Virginia Is First Southern State to Ban Conversion Therapy for Minors

Virginia Is First Southern State to Ban Conversion Therapy for Minors

Virginia became the first Southern state to ban licensed medical professionals from practicing conversion therapy on minors, as Democrats in the state pass expansive civil rights bills after gaining control of the legislature and governor’s mansion for the first time in nearly 30 years.

Conversion therapy — a widely discredited practice based on the premise that being lesbian, gay, bisexual, transgender or queer is a mental illness — attempts to change someone’s sexual identity or gender orientation through different procedures that could include shock therapy.

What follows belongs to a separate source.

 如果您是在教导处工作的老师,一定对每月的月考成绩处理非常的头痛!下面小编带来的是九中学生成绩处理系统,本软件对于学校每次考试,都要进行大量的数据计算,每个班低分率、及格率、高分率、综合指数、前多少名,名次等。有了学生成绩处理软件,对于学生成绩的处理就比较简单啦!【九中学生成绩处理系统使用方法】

On Monday, Gov. Ralph Northam signed a bill that made Virginia the 20th state to ban the practice for minors.

“No one should be made to feel wrong for who they are — especially not a child,” Mr. Northam said in a statement on Tuesday. “Conversion therapy is not only based in discriminatory junk-science, it is dangerous and causes lasting harm to our youth.”

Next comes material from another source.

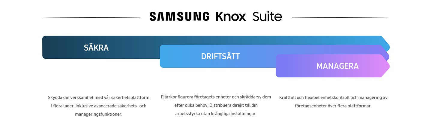 Säkra, driftsätt och managera med Knox Suite. Paketet med ett antal Knox-lösningar ingår i Enterprise Edition och gör att IT-administratörer kan sköta alla steg i hanteringen av företagets mobiler. Knox Suite säkerställer att alla dina Enterprise Edition-enheter är redo att användas direkt och är automatiskt registrerade, managerade och skyddade av säkerhetsplattformen Knox.

Sam Brinton, a survivor of conversion therapy and the head of advocacy and government affairs for the Trevor Project, an L.G.B.T.Q. youth suicide prevention group, sees Virginia’s decision to ban the practice as a start for the South.

“The South is ready to end conversion therapy,” said Brinton, who uses the pronoun they.

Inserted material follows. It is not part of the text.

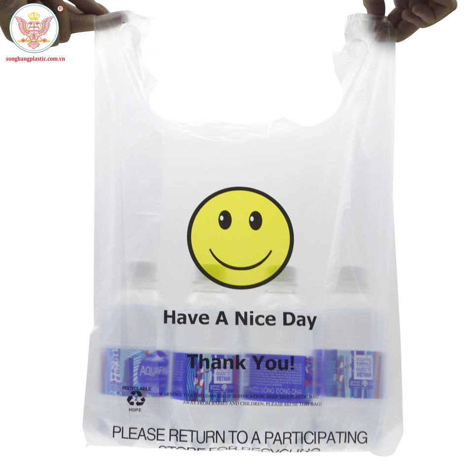 OEM เสื้อยืดพิมพ์ลายกราเวียร์อัตโนมัติกำหนดเองขอบคุณกระเป๋าช้อปปิ้งพลาสติก PE มีโลโก้สำหรับบรรจุภัณฑ์ขน

“We know and every major medical association has said that conversion therapy is potentially extremely harmful,” they added. “When a state like Virginia bans conversion therapy, we know that we can save lives from this dangerous practice. The state is affirming who they are and not trying to erase them.”

Conversion therapy can include bringing up past traumas that the therapist believes may have caused homosexuality, or aversion therapy, during which patients are made to feel disgusted when looking at L.G.B.T.Q. people, they said. It can also have religious elements, with patients being told that their god doesn’t want them to be L.G.B.T.Q.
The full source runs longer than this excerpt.